Are convolutional layers still in the works?

Currently we have implementation of convolutions for both - CPU and GPU, but they are not merged yet.

For CPU, we have an efficient implementation in C++ for Linux, but not for Windows. We are looking for options for compiling it on Windows or implementing them in pure Julia. See FluxML/NNlib#2 for full discussion.

For GPU, there’s implementation in CuConv.jl which I’m going to merge into CUDNN.jl after a few more important functions from NVIDIA’s API are implemented.

@dfdx: From reading those threads it looks like Flux and Knet are sort of converging - is that correct interpretation?

Flux and Knet use a lot of common code - something most Python frameworks fail to provide - but their philosophy is still different.

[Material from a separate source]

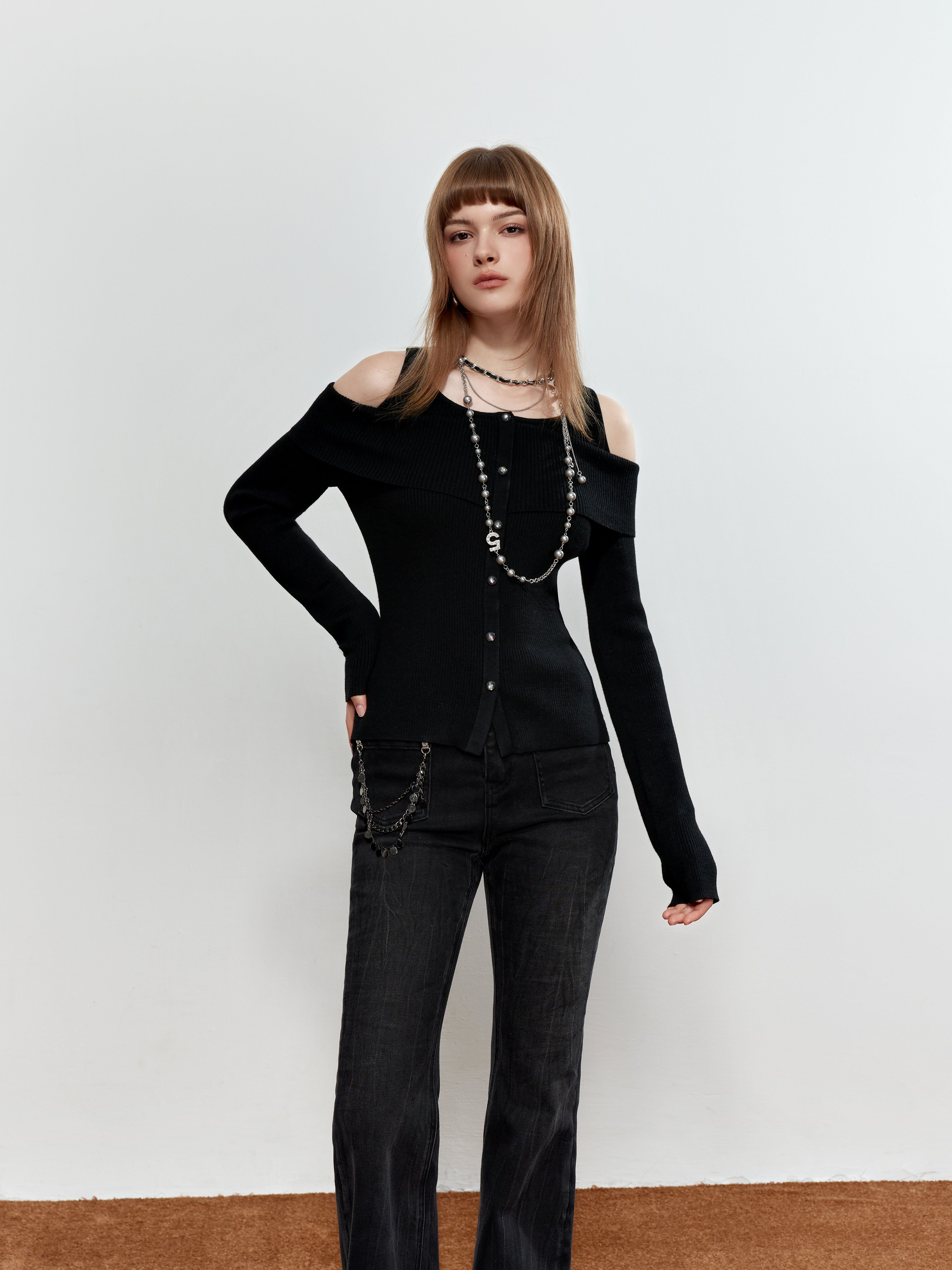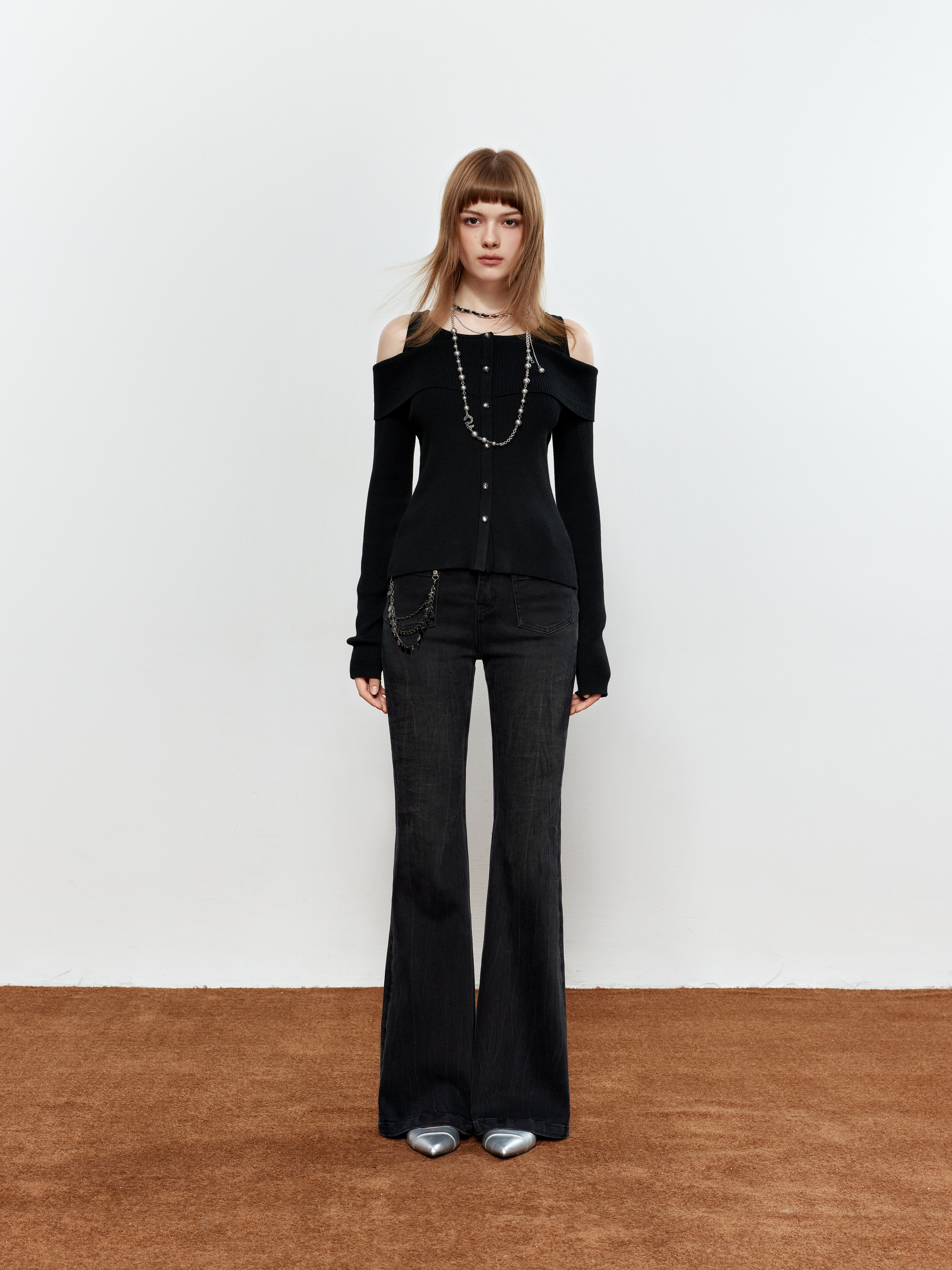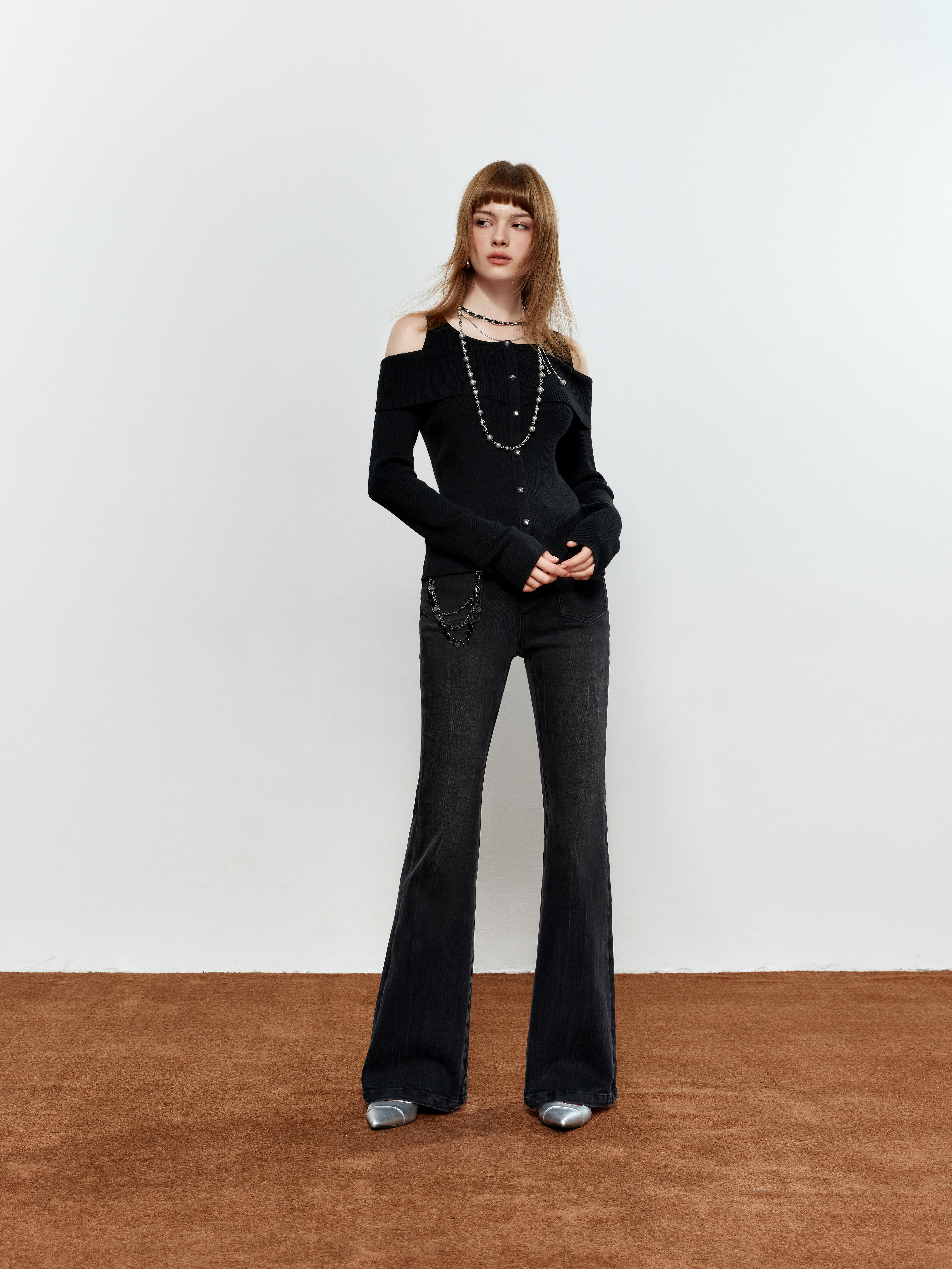 ROCHA ROMA Chain-Detail Flared Jeans

@dfdx, Could you elaborate on that?

Flux is simpler and more layer-oriented. You have a set of predefined layers that you can chain together to obtain architecture you want. Here’s an example of RNN from Flux docs:

x = rand(10)
h = rand(5)

m = Flux.Recur(rnn, h)

y = m(x)

Knet is more low-level, but gives you more control. The analogous example from Knet:

function predict(w, s, x)
    x = x * w[end-2]
    for i = 1:2:length(s)
        (s[i],s[i+1]) = lstm(w[i],w[i+1],s[i],s[i+1],x)
        x = s[i]
    return x * w[end-1] .+ w[end]

Of course, you can build more high-level functions in Knet or implement your own layers in Flux, but that’s not your normal workflow - you just choose what fits your mental model better. That’s what I call “different philosophy”.

There’s also some technical differences. For example, Knet doesn’t work on Windows and (presumably) requires CUDA which may not be available on your machine. Also I believe these libraries use somewhat different approaches to automatic differentiation.

Note, that I’m not (much) involved in development of any of these libraries, so it’s better to consult with their authors if you want to get more information. For me, it’s just two different libraries, and two is definitely better than zero :slight_smile:


Thank you so much! I love Flux’s straight-forward, elegant manner without sacrificing flexibility. Looking forward to v0.3 and CNNs! Cheers :slight_smile:


Just released Flux 0.4 with Conv2D support. Working on CPU now and GPU will follow shortly. Enjoy!